Kazuko Komatsu, president and CEO of Pacific Western Brewing Co., spoke to the Straight at a company event honouring “hometown heroes” at the Terminal City Club.

Hosted by Olympic speed skater Denny Morrison, it showcased how the B.C.–based brewery is financially supporting amateur athletes.

In the 23 years that she’s been in charge, Komatsu has noticed that consumers’ tastes have become far more individualized. Her company produces almost 30 lines of beer, including some created in a microbrewery set up inside a bigger plant.

“It used to be more mass production,” Komatsu stated. “Now, everybody has different tastes.”

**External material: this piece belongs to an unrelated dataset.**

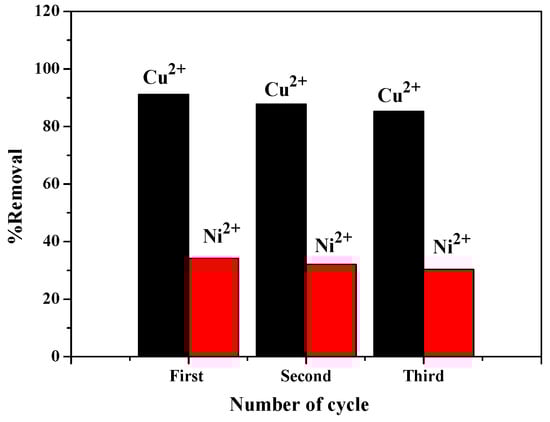 ZIF-8/FA composites were studied for the recycling experiments as reusability is an important factor for an adsorbent in practical application. Cu2+ and Ni2+ were used as representatives for recycling study (Figure 10). For cyclic runs, ZIF-8/FA composites were separated by centrifugation after the adsorption process and washed with 0.1 mol/L HCl and deionized water and dried for regeneration. Through these simple processes, the adsorbed Cu2+ and Ni2+ were washed out and the ZIF-8/FA composites were regenerated. Figure 10 is the recyclability of ZIF-8/FA composite for adsorption of heavy metal ions. It can be seen that the adsorption percentage of Cu2+ with ZIF-8/FA composites remained above 85% after three times of recycling test (91.2% for n = 1, 87.8% for n = 2, and 85.3% for n = 3) while that of Ni2+ with ZIF-8/FA composites remained above 30% after three times of recycling test (34.2% for n = 1, 32.1% for n = 2, and 30.4% for n = 3). Results of the recovery tests indicated that ZIF-8/FA composites can be employed as a potential adsorbent for the removal of heavy metal ions.

Pacific Western Brewing's Kazuko Komatsu joined Olympian Denny Morrison (right) to hand out cheques to amateur athletes, including sit skier Landon McGauley.

She’s also noticed another significant transformation. When she began, there were almost no women in management in the beer industry.

“I was the first one to hire female sales reps,” Komatsu said with a smile.

Sybil Taylor, communications director at Toronto-based Steam Whistle Brewing, is another one of the female pioneers. On the phone from her home, she told the Straight that she was the first person hired, in August 1999, six months before the first bottle was created.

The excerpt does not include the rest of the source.